However, I want to emphasize that correlation is not causality. Specifically, I do not claim that there exists a causallink between religious cults on the one side, and money systems and economic results on the other. Instead, I believe that there is an indirect connection – that the cults, the money system, and unusual economic results were a sign that the same archetypal constellation was active in both places at their respective times. In other words, I will show that there is a striking correlation between archetypes and money systems, but I do not profess to have identified the mechanism underlying the connection between these two domains.

Photo 5.4 (full page if good picture can be obtained)

Black Madonna of Montserrat, Catalunia, the most famous Black Madonna of Spain. She is completely covered in gold except for her and the child’s faces and hands. Notice she does not have African facial features. Rather, these facial features are similar to contemporary “white” Madonnas, except that she is pointedly painted pitch-black. 

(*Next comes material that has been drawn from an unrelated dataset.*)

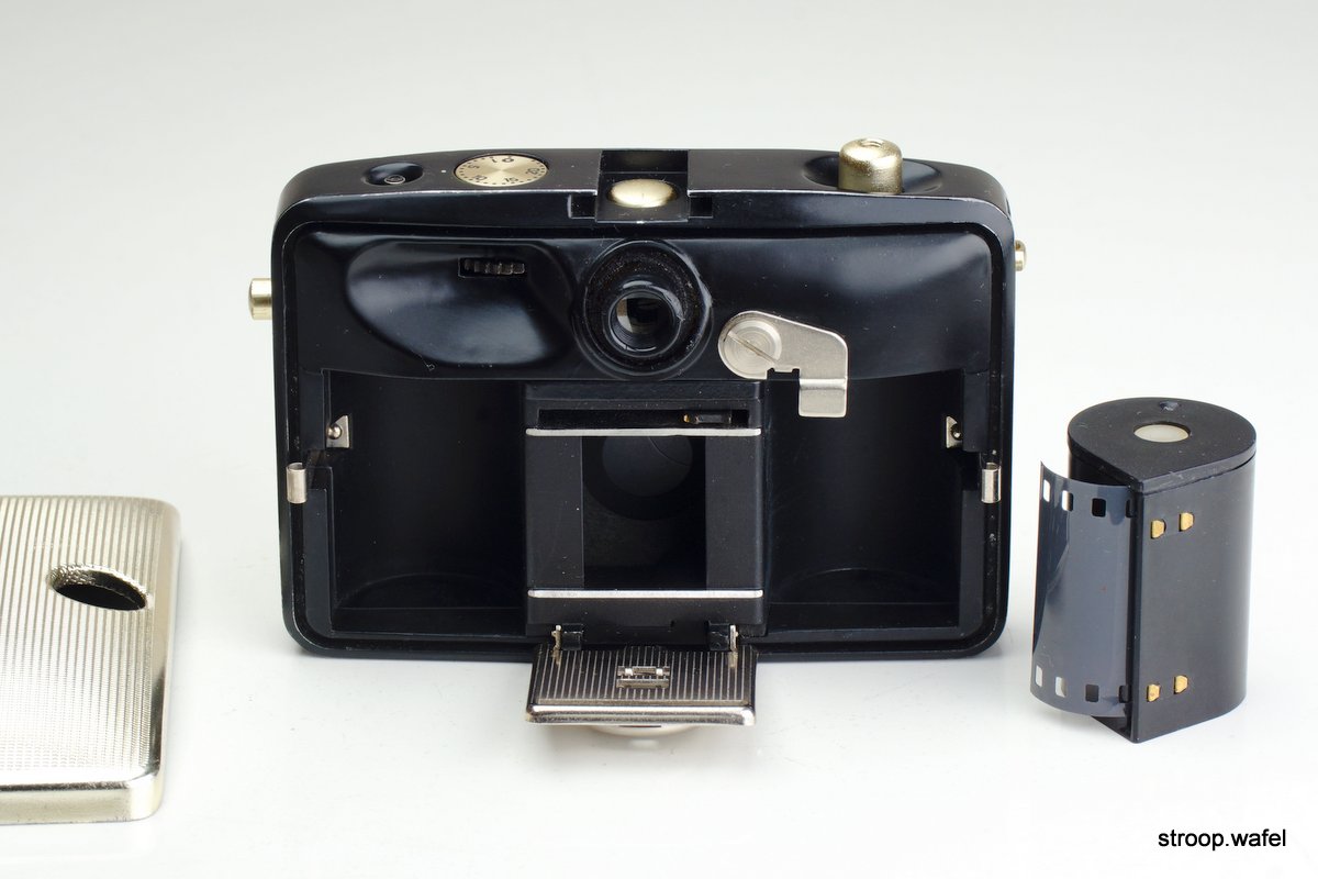 Rear view of the Penti with back removed and film pressure plate down. Also shown is an SL cassette, similar to the Rapid cassette but made from plastic instead of metal and lacking an ISO adjustment. Therefore the Penti had an ISO adjustment setting (lever just about visible on the front view photo above), unlike most other 'Rapid' style cameras.

Why does She matter to us Today?

The best answer to this question I found in a book by Robert Graves. His book, The White Goddess, is well known, but the following quote is from a lesser-known work, Mammon and the Black Goddess18

“The Black Goddess is so far hardly more than a word of hope
whispered among the few who have served their apprenticeship to the White Goddess.
She promises a new pacific bond between man and woman…
in which the patriarchal marriage bond will fade away.
The Black Goddess has experienced good and evil, love and hate,
truth and falsehood in the person of her sisters…
She will lead man back to that sure instinct of love
which he long ago forfeited by intellectual pride.”

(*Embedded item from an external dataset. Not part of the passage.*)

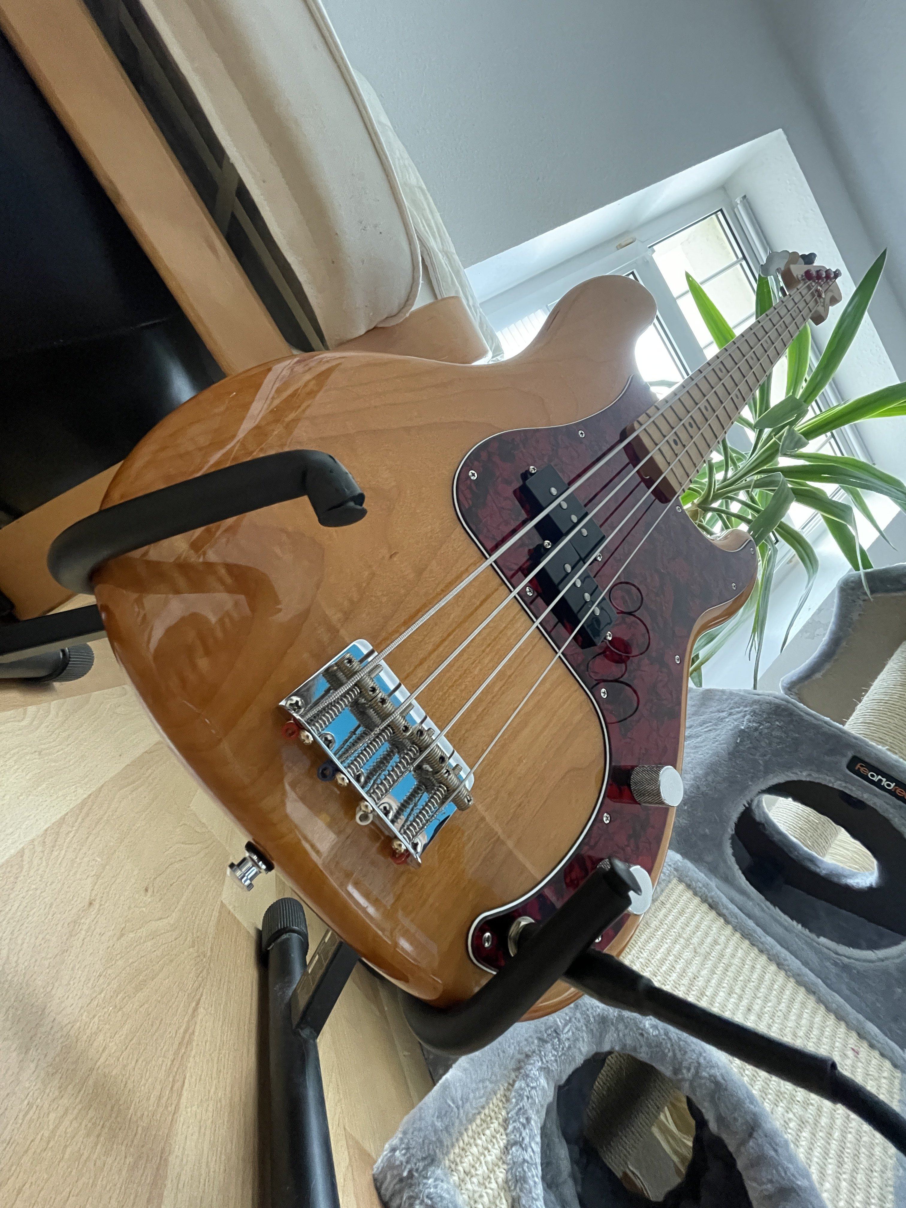 Nebenher hab ich noch zwei Squier-Bässe aus meiner Anfangszeit, mittlerweile aber mit neuer Elektronik, Bridges und Fender bzw. Seymour-Duncan PU's. Das hat die Spielbarkeit und den Klang doch für meine Bedürfnisse positiv beeinflusst - für die typischen Kneipen- und Stadtfest-Gigs reicht das allemal.

China Galland reports about another scholar, Gilles Quispel, who played a critical role in the acquisition, translation and publication of the remarkable collection of Gnostic tests of early Christianity discovered in 1945 in Nag Hammadi, Egypt. For him, “the Black Madonna plays a crucial psychic role that he described in Jungian terms as symbolizing the earth, matter, the feminine in men, and the self in women […] Unless men and women alike become conscious of this primeval image of the Black Madonna and integrate it within themselves, humankind would not be able to resolve the problems of materialism, racism, women’s liberation and all that they imply…He related her to the early Christian Gnostic tradition in which the Mother was also called ‘Wisdom’, the ‘Holy Spirit’, ‘Earth’, ‘Jerusalem’. To the early Christians, the Holy Spirit was personified as the Mother and prayed to because she was God as well.” 19

Jesus explicitly called the Holy Spirit his Mother in the Gospel According to the Hebrews.

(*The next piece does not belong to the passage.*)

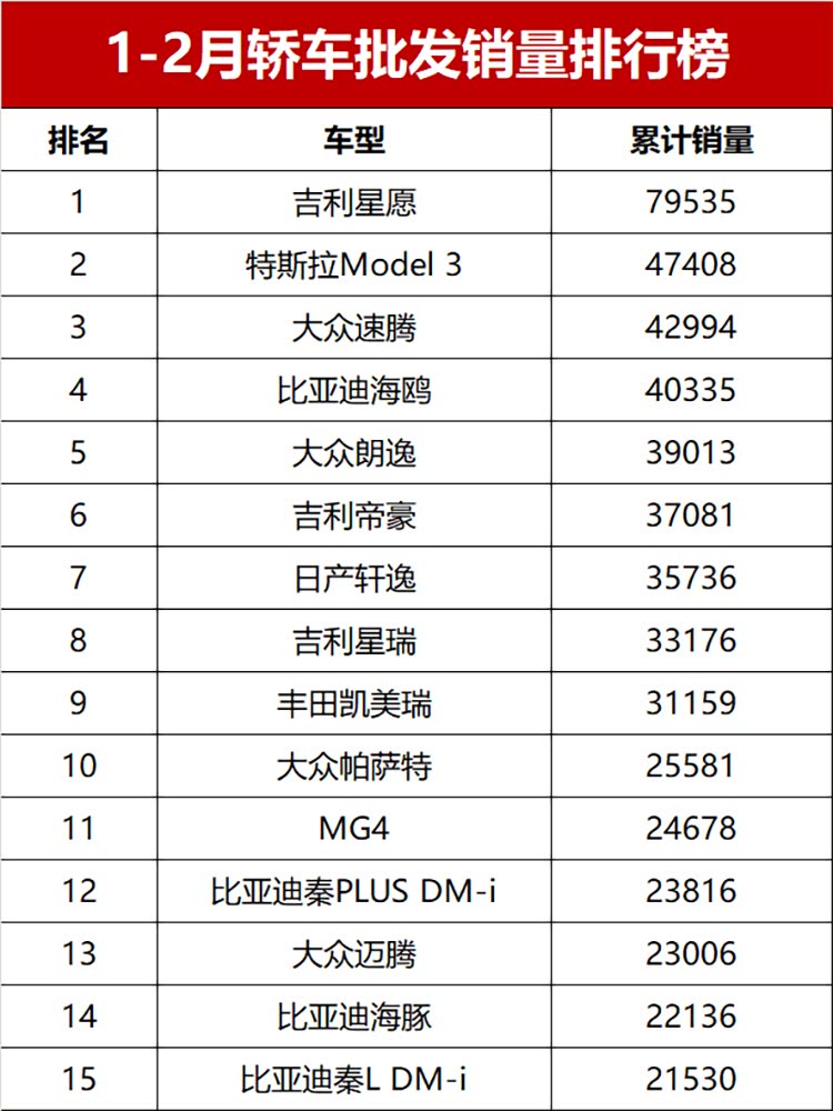 具体来看,1-2月累计销量超2万辆的19款车型,算是撑起了轿车市场的半壁江山。其中吉利星愿直接断层领跑,以79535辆的成绩拿下冠军,这个销量比第二名多出了3万多辆,实力直接拉满,不愧是近期的热门车型。紧随其后的是特斯拉Model 3,以47408辆的销量稳居亚军,作为榜单前两名里唯一的合资新能源车,这样的表现也算不负众望,尤其是2月份单月销量同比暴涨,势头很猛。

The Hebrew tradition talks about the Shekinah, the Indwelling of God. The Buddhists and Hindus call it primordial emptiness. The mystical Christian tradition including Jakob Boehme, Meister Eckhart, Hildegard von Bingen, Mechtild of Magdeburg, Julian of Norwich or the Portuguese cult to the Holy Ghost all spoke of the Motherhood of God. One of the Nag Hammadi texts is a poem uttered by a feminine power that could have been voiced by any one of the ancient Great Mothers.

“For I am the first and the last.
I am the honored one and the scorned one.
I am the whore and the holy one.
I am the wife and the virgin…
I am the barren one, and many are my sons..
I am the silence that is incomprehensible…
I am the utterance of my name.”20

In short, the Black Madonna is about healing the split at the core of the Western patriarchal worldview – the split between matter and soul, body and mind, feminine and masculine, sexuality and spirituality, Nature and Humanity, cosmos and individuality. If this proves right, she may be the precursor symbol of the transformation that the Western world is undergoing during the current transition.

Esoterism vs. Exoterism

Saint Bernard of Clairvaux: Lover of the Black Madonna

Bernard of Clairvaux, the founder of the Cistercian monastic order, is universally considered as one of the most influential personalities of the 12th century. He was born in Fontaines, near Dijon, France, whose chapel had a Black Madonna. As a young boy he received his vocation, according to a fourteenth century legend, from “three drops of the milk of the Black Madonna” at Saint-Varles near Chatillon-sur-Seine, France.

This unusual form of vocation should give us a clue that an esoteric tradition is involved. “Three drops of a virgin milk” is one of the traditional names of the mysterious “materia prima” (“raw material”) of the alchemists.

Inspired by this, he took the ailing order of Citeaux, by then reduced to a handful of monks, and turned it into “a vast multinational enterprise of civilization”21 involving hundreds of monasteries from Russia to the Iberian peninsula, every single one of them dedicated to the Virgin Mary. He is also the author of the Regula(the Charter with the Rules) for the Order of the Templars, and his uncle André de Montbard was among the original nine knights who founded that order. In contrast with contemporary Christian traditions, all official documents of the Temple, including the Rule, has the name of the Virgin always preceding the one of Christ.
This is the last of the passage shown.